Build your own agent

from edgevox.agents import AgentContext, GoalHandle, ToyWorld, skill
from edgevox.examples.agents.framework import AgentApp
from edgevox.llm import tool


@tool
def set_light(room: str, on: bool, ctx: AgentContext) -> str:
    """Turn a room's light on or off.

    Args:
        room: the room name, e.g. "kitchen".
        on: true to turn on, false to turn off.
    """
    ctx.deps.apply_action("set_light", room=room, on=on)
    return f"{room} light is now {'on' if on else 'off'}"


@skill(latency_class="slow", timeout_s=30.0)
def navigate_to(room: str, ctx: AgentContext) -> GoalHandle:
    """Drive the robot to a named room.

    Args:
        room: target room, e.g. "kitchen", "bedroom".
    """
    return ctx.deps.apply_action("navigate_to", room=room)


AgentApp(
    name="Scout",
    instructions="You are Scout, a terse home robot. Confirm what you did in one sentence.",
    tools=[set_light],
    skills=[navigate_to],
    deps=ToyWorld(),
    stop_words=("stop", "halt", "freeze"),
).run()

Launch with python my_agent.py --text-mode and you have a voice-controllable robot running on a stdlib-only reference sim. Swap ToyWorld() for IrSimEnvironment() and a matplotlib window opens. Full guide: docs/documentation/agents.md.

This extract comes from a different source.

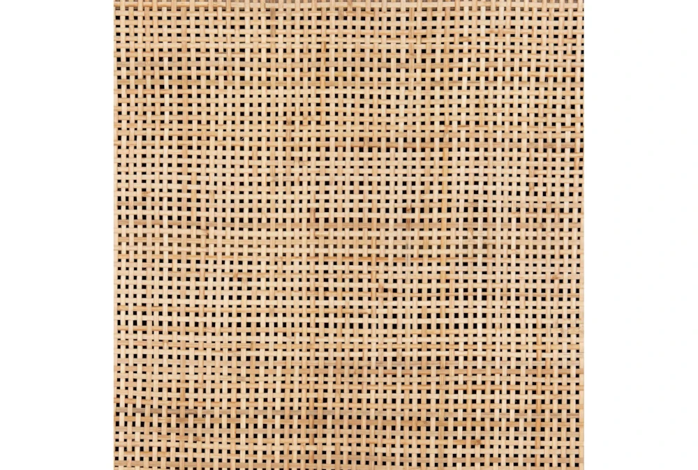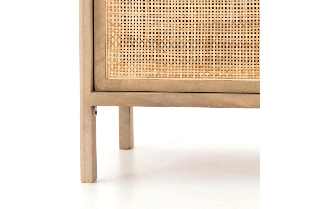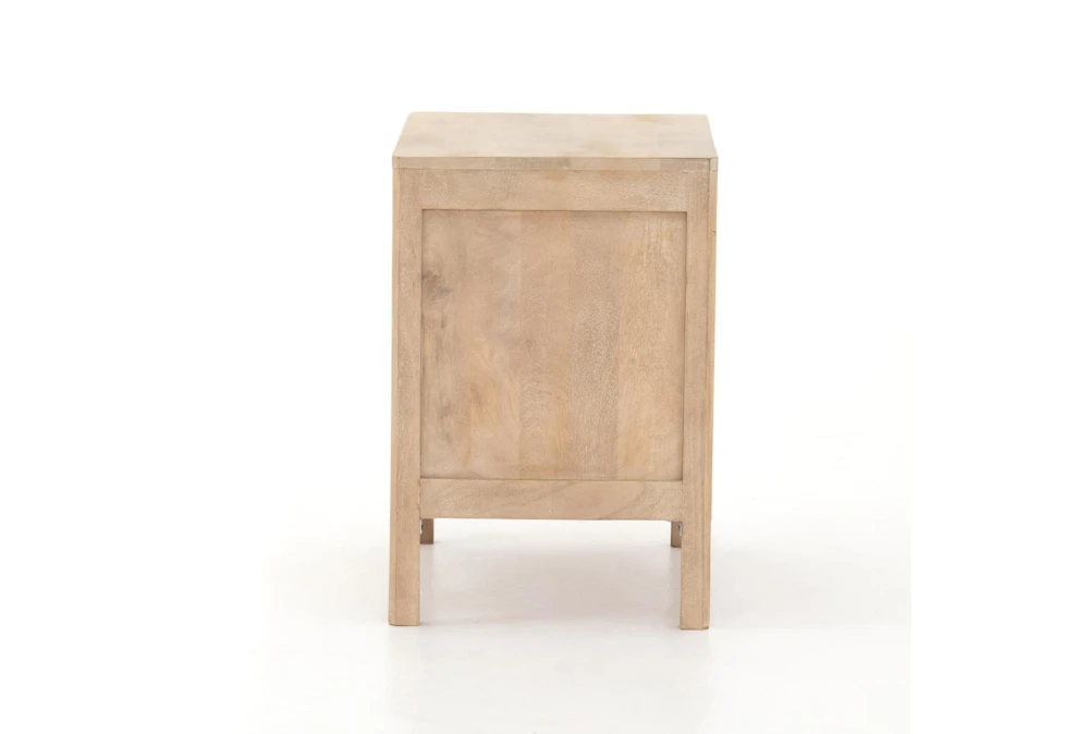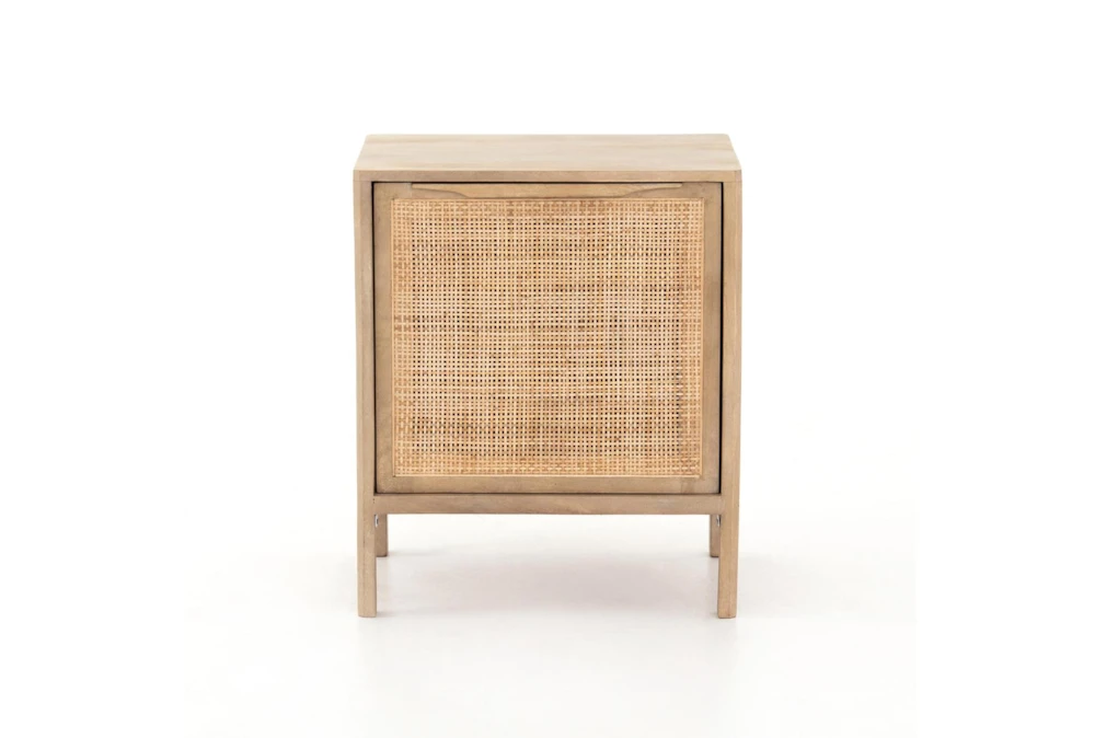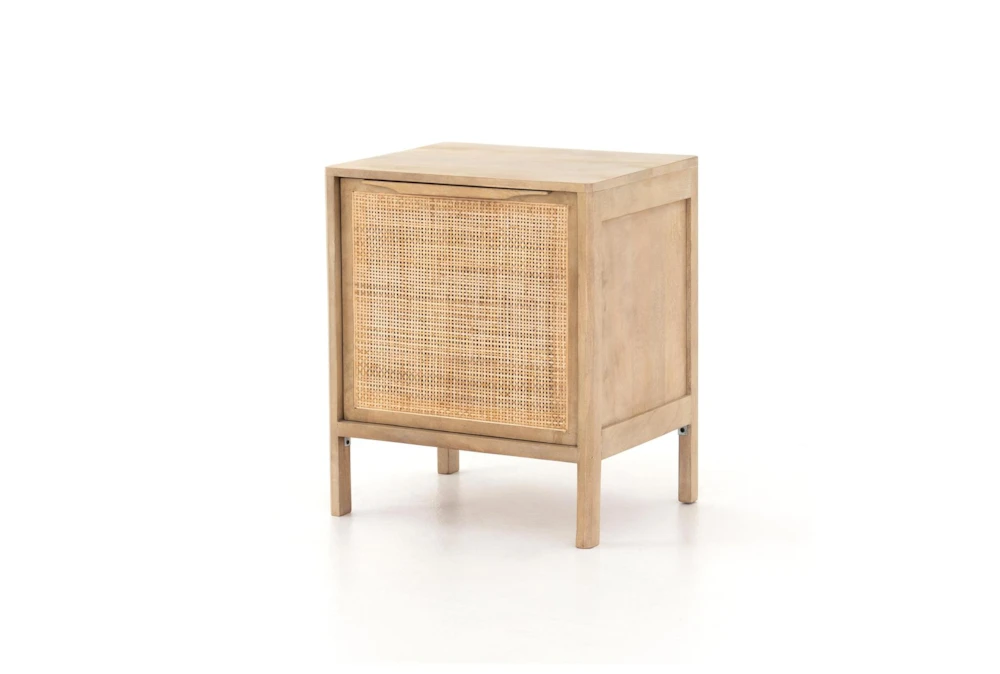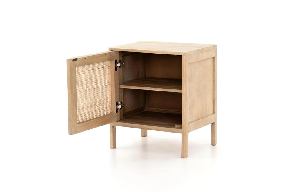 This modern nightstand is made of natural wood and features a left opening design with a cane accent.

The five built-in agents are subcommands of edgevox-agent:

Command	What it does
`edgevox-agent home`	Home automation — lights, thermostat, timers, weather
`edgevox-agent robot`	Simple robot demo with pose + battery
`edgevox-agent dev`	Developer toolbox — arithmetic, unit conversion, notes
`edgevox-agent robot-scout`	Full agent demo on `ToyWorld` (stdlib, no extra deps)
`edgevox-agent robot-irsim`	Full agent demo on IR-SIM with matplotlib window
`edgevox-agent robot-panda`	MuJoCo Franka Panda — voice pick-and-place
`edgevox-agent robot-humanoid`	MuJoCo Unitree G1 / H1 — voice walk / turn / stand
`edgevox-agent robot-external`	Drive any external ROS2 robot (Gazebo, Isaac, real hardware)

Each one supports --text-mode, --simple-ui, or (default) full TUI. Any of them composes with --ros2 to attach the full ROS2 bridge + Nav2 / TF2 / sensor adapter + execute_skill action server.

RookApp — desktop chess robot

Voice-controlled offline chess partner built on EdgeVox — a PySide6 desktop app that runs the Qt UI, the LLMAgent, llama-cpp (Llama-3.2-1B Q4_K_M), and Stockfish all in one Python process. No browser, no web server, no Node toolchain. Three personas (casual, grandmaster, trash_talker), six board themes, three piece sets, Kokoro TTS, Whisper STT with barge-in.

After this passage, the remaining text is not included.